Silk, though attempted numerous times, never became an established industry in the Philippines. Silk fabrics remained a Chinese monopoly, prompting the Spanish Empire to restrict silk trade with China in 1535, then banning it altogether in 1718, due to worries about the depletion of silver in Spanish treasuries. However, following protests by the middlemen in Manila, the silk ban was lifted in 1734, though it required silk to pass through Manila. This monopoly of Manila was later consolidated with the creation of the Royal Company of the Philippines in 1795.

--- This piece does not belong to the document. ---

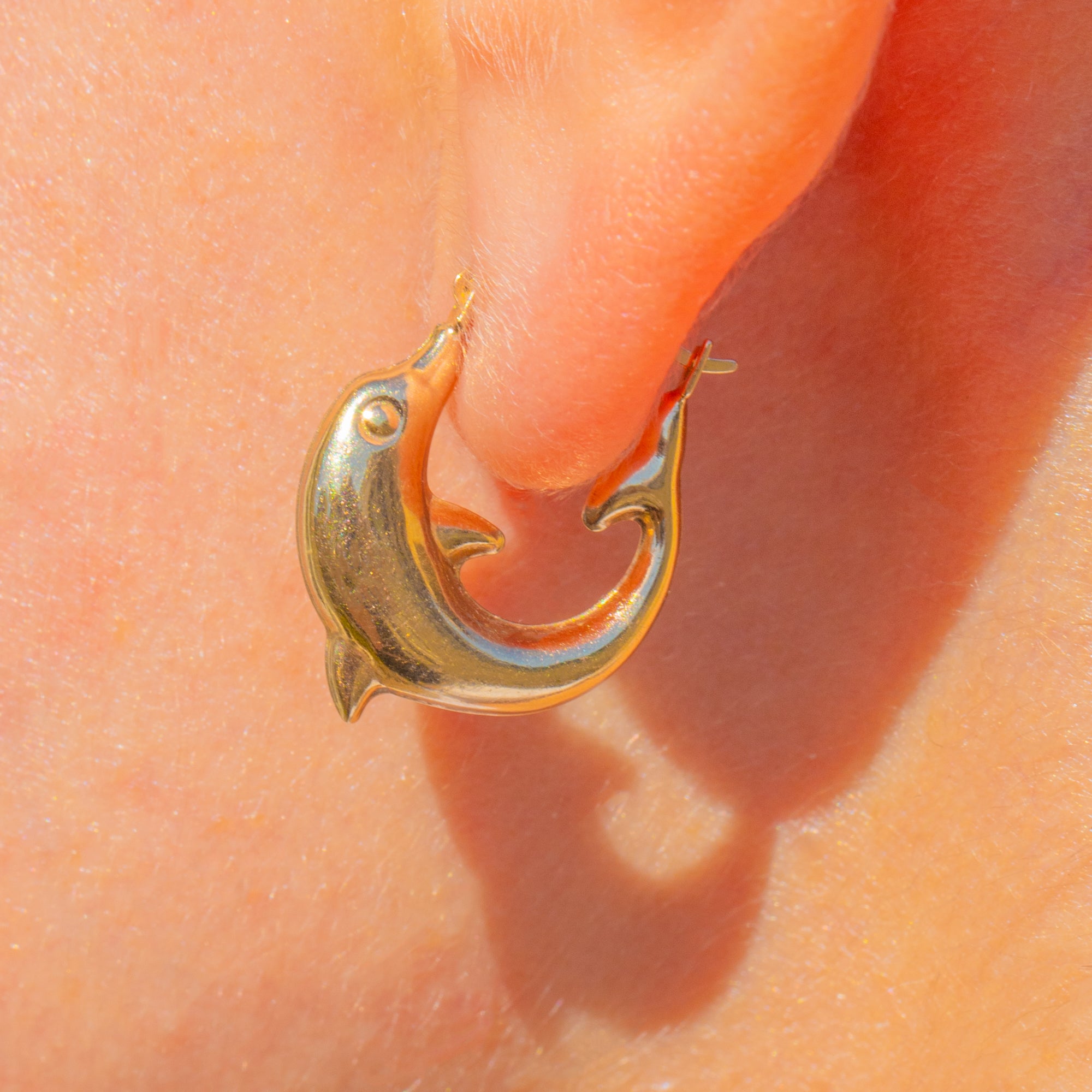 Playful yet polished, these Vintage 9ct Gold dolphin huggie earrings bring a joyful splash of nautical charm to your everyday. Each sculptural dolphin curves fluidly to form a compact hoop, their sleek high-polish surfaces catching the light with every turn.

Capitalizing on this new demand, Chinese factories in Canton (modern Guangzhou) and Macau started producing large quantities of painted or embroidered silk in the 18th century, for the sole purpose of exporting them to the Philippines and from there to further Spanish colonies and Europe.

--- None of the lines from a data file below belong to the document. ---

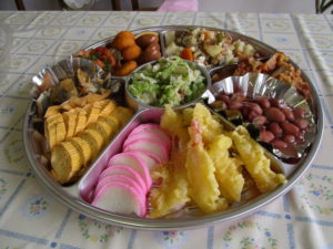 朝から皆さんに喜んでいただきたいと 調理職員総出で 手作りのオードブルとピースおにぎりを準備しました
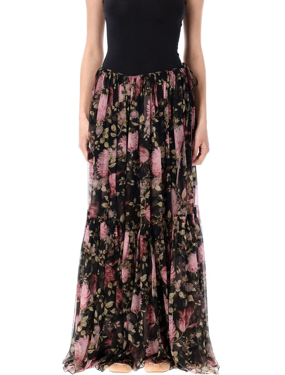 Silk Gathered maxi skirt by Chloe. Featuring: Hook & zip fastening Floral print allover Self-tie at side Separate skirt lining Floor length Model is 1,70 m and wears size 38 Gender: Women Material: 100% SILK LINING 68% ACETATE 32% SILK Color: BLACK FLOWER Made in: MG Product ID: 25PCH25UJU10459#001 *Import tax/duty will be calculated at checkout (If applicable)
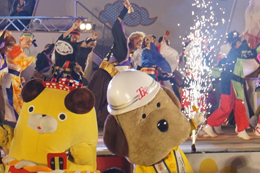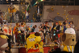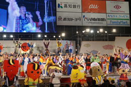 最高潮の盛り上がりのなか、高知のゆるキャラが多数出演し、
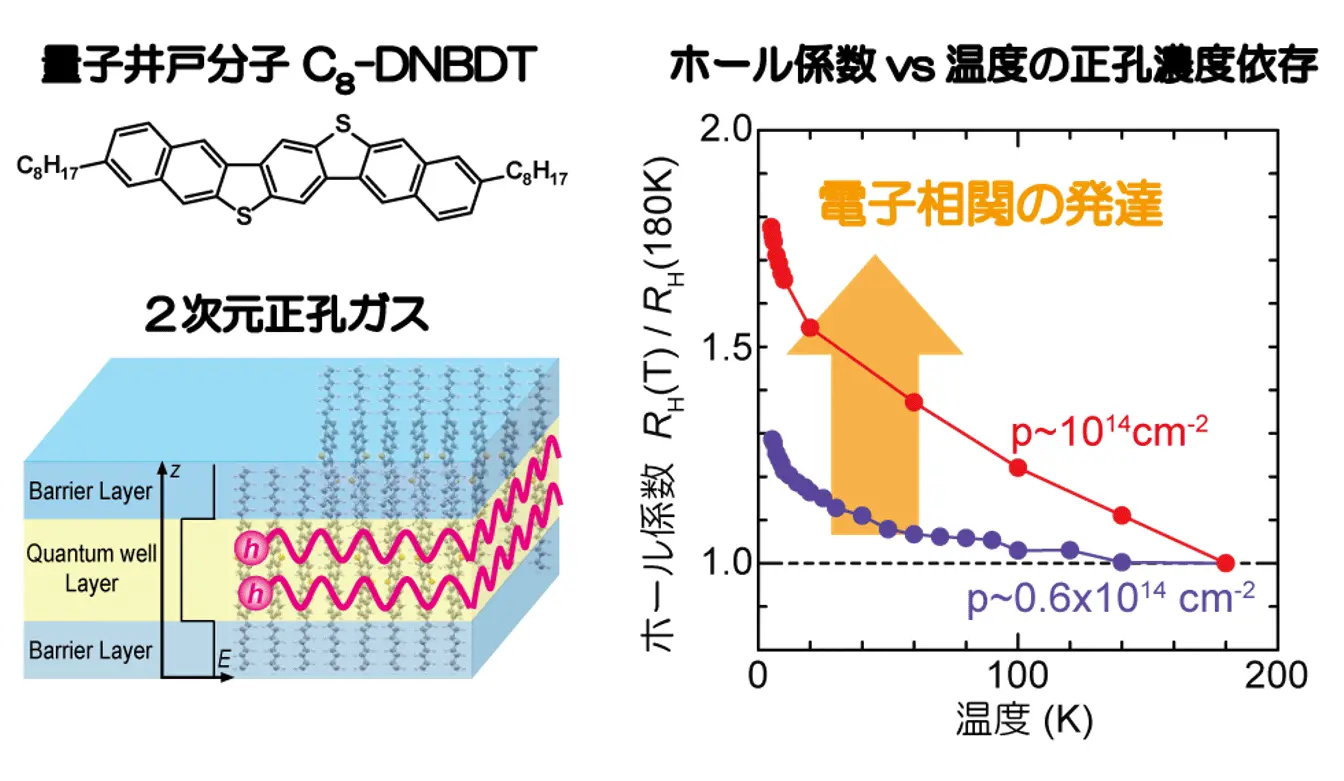 - 有機半導体に高密度に電荷を注入していくと、絶縁体から金属に転移し、さらに電子相関効果が発達していく様子を初めて観測しました。

Silk textiles in Chinese domestic markets were generally used for clothing, and their designs carried symbolic associations with social status. But these silk exports by China during the 17th to 19th centuries were non-traditional items tailored to the tastes of the European market. In particular, they mass-produced religious vestments for the Catholic clergy, tapestries, and pañuelo-style shawls. Although these early Chinese-made shawls typically featured Chinese motifs in the embroidery, like dragons, birds, butterflies, toads, lotus, flowers, and Chinese people and scenes, they also adapted non-Chinese conventions like the fringes that the Chinese observed from the Philippines.

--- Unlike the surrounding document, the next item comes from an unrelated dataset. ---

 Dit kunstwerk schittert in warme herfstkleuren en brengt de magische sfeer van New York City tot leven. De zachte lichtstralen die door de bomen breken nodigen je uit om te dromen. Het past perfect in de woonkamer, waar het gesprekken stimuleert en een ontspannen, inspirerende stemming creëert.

These silk shawls became immensely popular in the Philippines and were quickly adopted into the local fashions of upper class Luzon women in the 18th and 19th centuries. Similarly, they became widely sought-after luxury exports soon after they reached the Americas. They are believed to have influenced later designs of the rebozo of Latin America.

Their popularity in Spain increased after Mexico's independence in 1815. The trade ships from Manila, which previously had to stop over in Acapulco, now had direct routes to Seville. During part of the 19th century, romanticism took over and Parisian fashions dictated that the shoulders of women should be left uncovered. Spanish women copied the fashion and they found that the Manila shawl was a very good thing to wear with these dresses, as the shawl provided some warmth to the bare shoulders. The Manila shawl was also used to decorate grand pianos in houses, as can be seen in the recently reopened Museo del Romanticismo in Madrid. Besides pianos, the shawl was also used to decorate sofas in elegant houses. Many Spanish houses today still use the Manila shawls to decorate pianos and sofas.

However, with the loss of the Philippines in 1898 in the aftermath of the Spanish–American War, Spain finally lost access to the silk trade. This spurred local weavers to recreate the embroideries in chinoiserie, favoring designs suited for European tastes while doing away with undesirable motifs like toads (a symbol of wealth in China) and pagodas. Their embroideries became denser and more colorful, with larger flowers resembling chintz. The knotted fringes also gradually became longer, accentuating movements by women as they walked or danced.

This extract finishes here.